The process advocated by TiP is the one that DS went through when he applied for a Masters at Oxford. A paper application, with a chance to suggest what college he might prefer. Then a departmental acceptance, with a much later confirmation of college. (He got the college he rather randomly requested, but it was a reasonably obscure one.)
This all happened without seeing the University or the University seeing him. Yes by this stage it will be reasonably clear which applicants are up to the course, and he was more than able to look at the course content and decide whether it suited. However I think it would have been useful for him to see the place, meet some staff, and get a better sense of the learning environment he would be in for the next two years.
You get the same at UG level, though not at Oxbridge. Lots of kids don't get a chance to go to Open Days. Instead you fill in your UCAS form and if all goes well you get an offer. Acceptances at the end of the cycle (which both DC had) are too late for offer days. UCL used to, and maybe still does, hand out offers to UK based students at specific offer days. Part marketing presumably, but it will help prevent students turning up without a clear idea of what they are letting themselves in for. Important in an Oxbridge context, plus with luck you will meet people who become your fellow students and have some familiar faces on your first day.

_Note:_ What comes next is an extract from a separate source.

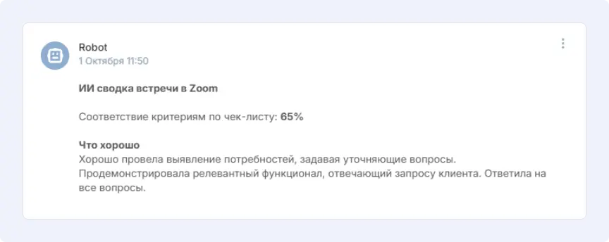 Но такой подход не давал полной картины. Часть встреч оставалась без анализа, а значит — без обратной связи и точек роста.
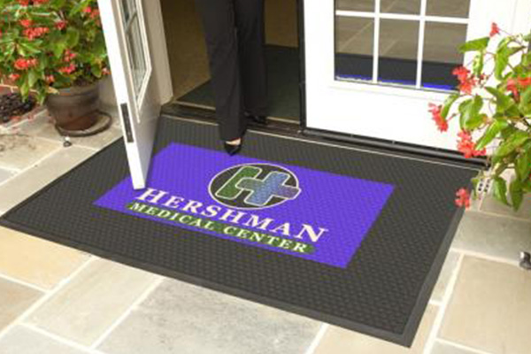 Nitrile rubber matting with screened logo, perfect for outdoor , indoor, or wet area use with smooth back for use on hard flooring.

I also think interviews give the chance to probe more and to discover raw talent. By all means review interview training to reduce unconscious bias, but perceiving a problem does not mean the solution is a radical change.
(I agree with Sendsummer that a natural bias will be for students who interviewers want to teach, and why not. A disappointment for DS in his first year in London was that it was not the done thing to say anything in classes, though this changed as courses got smaller and they got to know each other better. Selecting students who will contribute cannot be bad.)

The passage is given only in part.